* [SUPPLIED MATERIAL]:

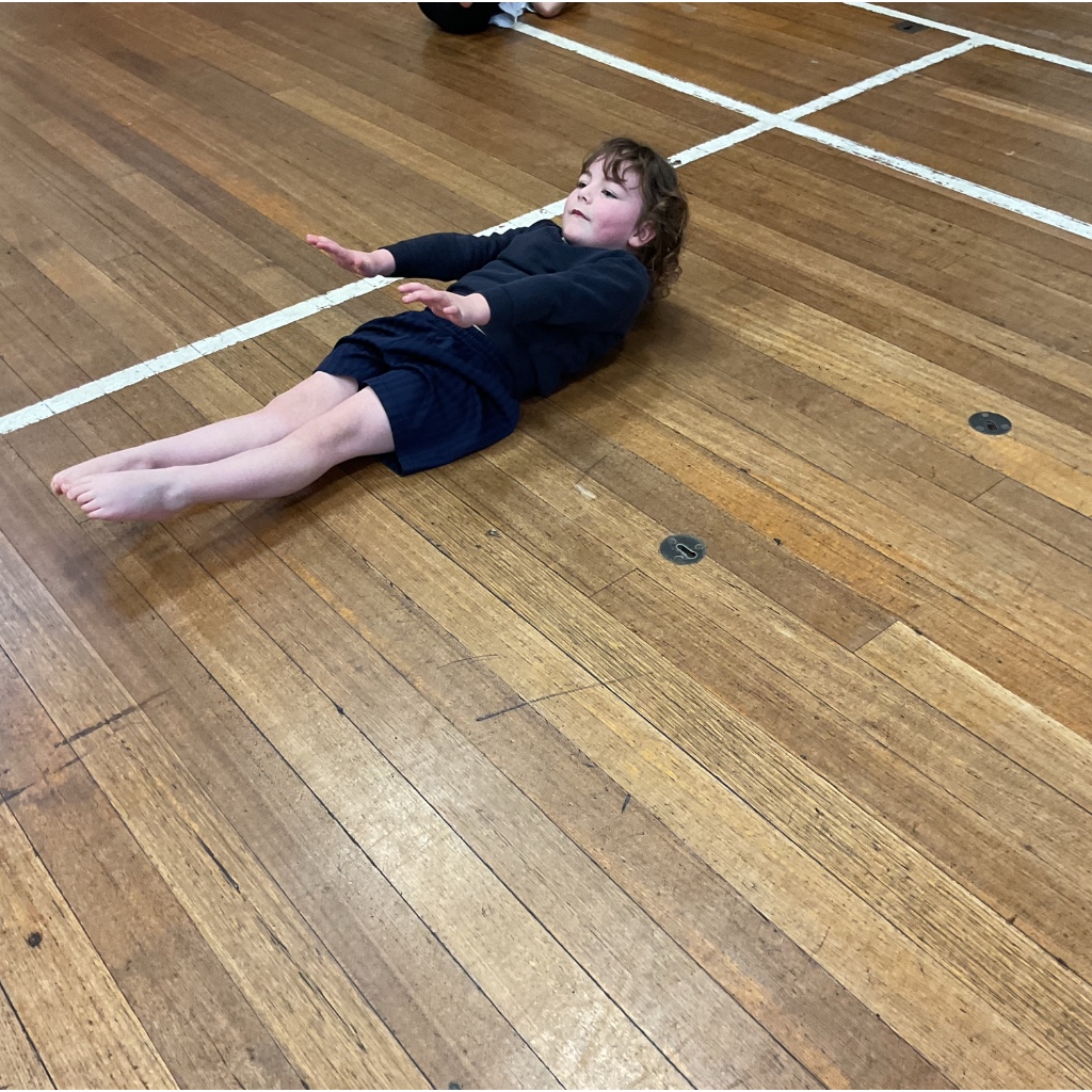 In PE we've been learning to make various shapes with our bodies. We've been focusing on keeping stable with straight arms and legs and while pointing our toes. We've also been learning to balance on various parts of our bodies.
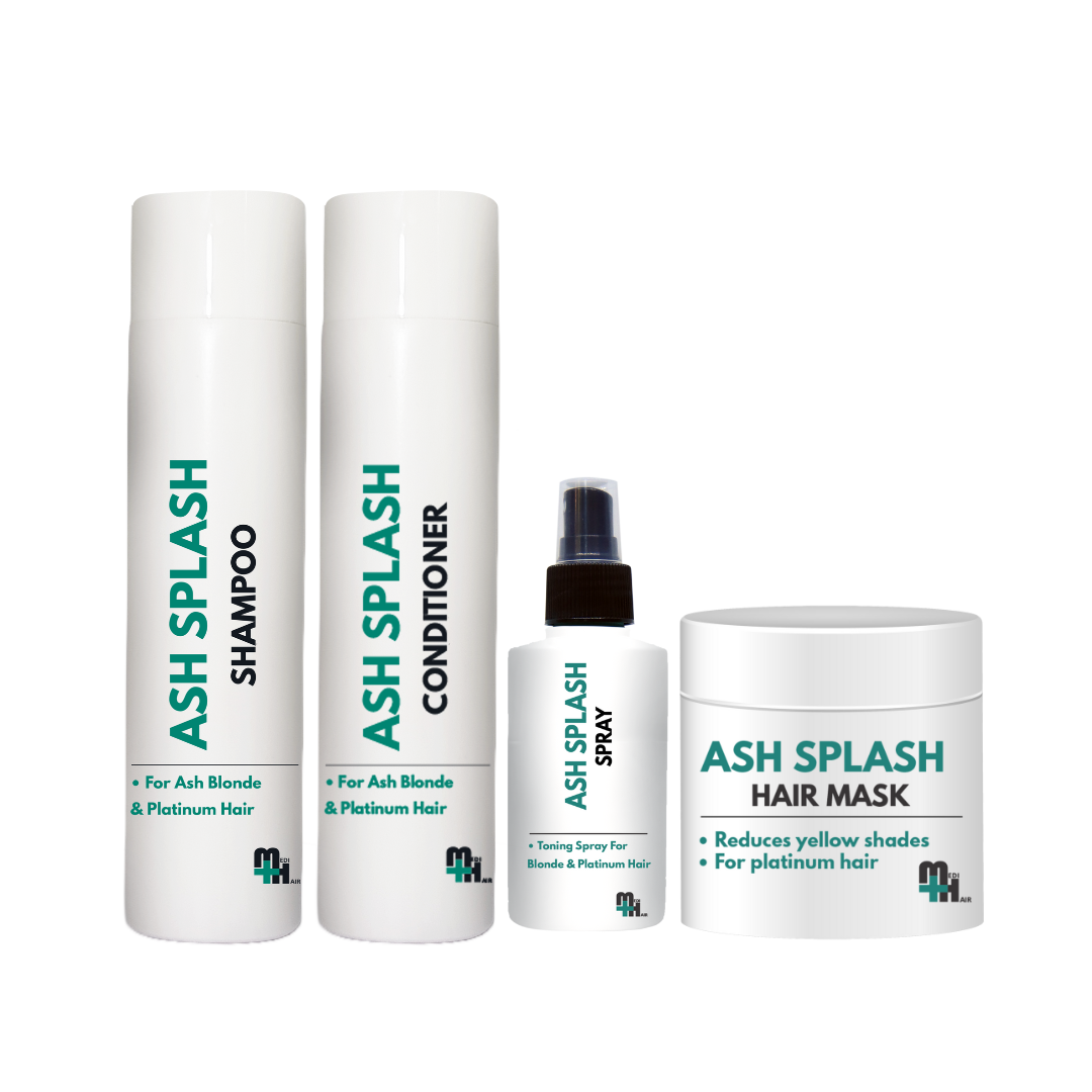 Cool, crisp, platinum made easy. This set includes shampoo, conditioner, spray, and a free mask, all designed to fight yellow tones and keep your ash blonde fresh. Four steps, one bundle, zero brass.
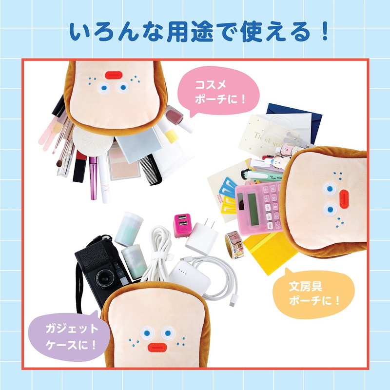 ぬいぐるみのようなふわふわの手触りと、きょとんとしたトーストの表情がかわいいポーチです。
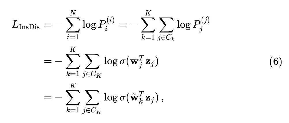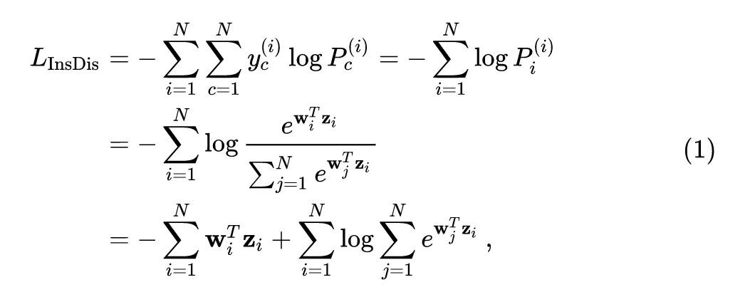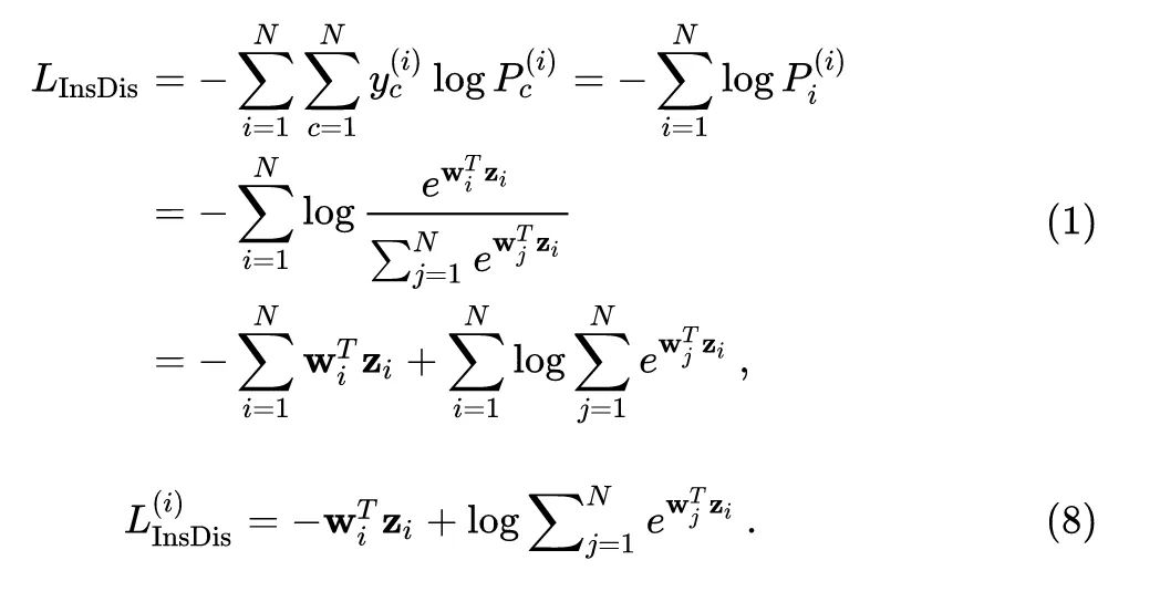 式中的角标 代表 instance 的索引,角标 代表类别的索引。因为 Instance Discrimination 任务数据集的类别数,正好与图片的数量相等,故这种任务的标签有一定的规律,即: 。

* [ABOUT THIS EXERCISE]: Repeat the material exactly. Skip the images.

* [EXERCISE RESULT]:
 In PE we've been learning to make various shapes with our bodies. We've been focusing on keeping stable with straight arms and legs and while pointing our toes. We've also been learning to balance on various parts of our bodies.
 Cool, crisp, platinum made easy. This set includes shampoo, conditioner, spray, and a free mask, all designed to fight yellow tones and keep your ash blonde fresh. Four steps, one bundle, zero brass.
 ぬいぐるみのようなふわふわの手触りと、きょとんとしたトーストの表情がかわいいポーチです。
 式中的角标 代表 instance 的索引,角标 代表类别的索引。因为 Instance Discrimination 任务数据集的类别数,正好与图片的数量相等,故这种任务的标签有一定的规律,即: 。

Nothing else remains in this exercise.